Cinéma de science-fiction ou d’anticipation?


Minority report, Star trek, Avatar, le Cinquième Élément sont qualifiés de films de science-fiction. Ce que nous oublions bien souvent, c’est qu’un film de science-fiction est aussi qualifié de film d’anticipation. Anticipation est utilisé dans le sens d’une hypothèse de ce que pourrait-être le futur. Mais, après une analyse succincte, il serait possible d’imaginer une autre définition du film d’anticipation : démocratiser des technologies expérimentales d’aujourd’hui dans un futur plus ou moins proche.

Le cinéma a le don de tout imaginer, de n’avoir aucune limite et de pouvoir tout fabriquer sans aucun complexe. Des batteries de scénaristes travaillent par équipes pour concevoir un futur défiant toutes les règles et bouleversant tous les codes. Ont-ils un réel talent ou sont-ils simplement très attentifs à tout ce qui se passe autour d’eux ?

Qui n’a jamais rêvé de se servir des écrans transparents ultrafins de Minority Report ou bien des téléporteurs de Star Trek ? Comment des scénaristes ont-ils pu imaginer le principe de la téléportation ?

Téléportation quantique, écran OLED et bien d’autres technologies de demain sont en réalité à la source de ces films. De nombreux chercheurs du centre du CERN (Conseil Européen pour la Recherche Nucléaire renommé en Organisation Européenne pour la Recherche Nucléaire) travaillent actuellement sur l’intrication des photons, fondement de la théorie de la téléportation quantique (et inspiration de la téléportation humaine). Même si aujourd’hui la téléportation d’objets ou d’êtres humains reste encore un rêve, de nombreuses recherches sur l’intrication des photons permettent d’imaginer des centaines d’applications auxquelles le cinéma pourrait donner vie.

Qu’est-ce que l’intrication des photons ?

Pour exprimer de manière très simple la théorie de la téléportation quantique, il faut remonter à la découverte du prix Nobel Serge Haroche, point de départ de toutes les recherches dans ce domaine. Monsieur Haroche a découvert comment emprisonner et compter les photons afin de pouvoir les soumettre à des mesures et des expériences.

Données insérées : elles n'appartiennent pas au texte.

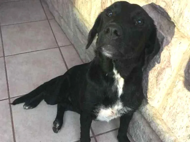 Cadela de porte médio, aparenta ser filhote mas a idade não foi verificada, pelagem preta com poucas manchas brancas, dócil, estava de coleira marrom claro. pelo baixo.

L ‘expérience à la base de toutes les théories les plus folles de la téléportation consiste à enfermer deux photons intriqués (ou jumeaux, ces deux photons sont identiques et liés) dans des boites à photon distinctes. Ses photons sont écartés l’un de l’autre par l’intermédiaire de fibres optiques. Si une modification des propriétés du premier est réalisée, le second prendra quasi instantanément (plus rapide que la précision de tous les appareils de mesure les plus précis) les mêmes propriétés. Cela a été constaté notamment par une inversion du sens de rotation ou « spin ». Le premier photon tourne dans un sens puis est soumis à un faisceau laser. Son sens de rotation s’inverse et le second, situé jusqu’à vingt-cinq kilomètres du premier, change de sens également.

La téléportation, un rêve ? Bien évidemment, ce dispositif est expérimental et le phénomène n’est toujours pas parfaitement définit et expliqué, mais il permet de nourrir de l’imagination de nombreux scénaristes outre atlantique.

La météorologie et le cinéma

Lorsque nous analysons le contenu du film « Le jour d’après », la plupart des catastrophes mises en avant sont réalistes et basées sur les analyses de grands climatologues reconnus.

Minority Report

Le synopsis du film est fondé sur un monde sans crimes car le ministère de la Justice est capable de prévenir, détecter et de réprimer les crimes avant qu’ils ne soient commis. Fiction ou anticipation ?

De nombreuses recherches ont été réalisées sur le guidage par la pensée de bras robotiques (pour les personnes handicapés ayant perdu l’usage de leur bras) en branchant des capteurs directement sur le cerveau du sujet. Ce capteur est donc capable d’interpréter les pensées de son hôte et de les communiquer à une machine.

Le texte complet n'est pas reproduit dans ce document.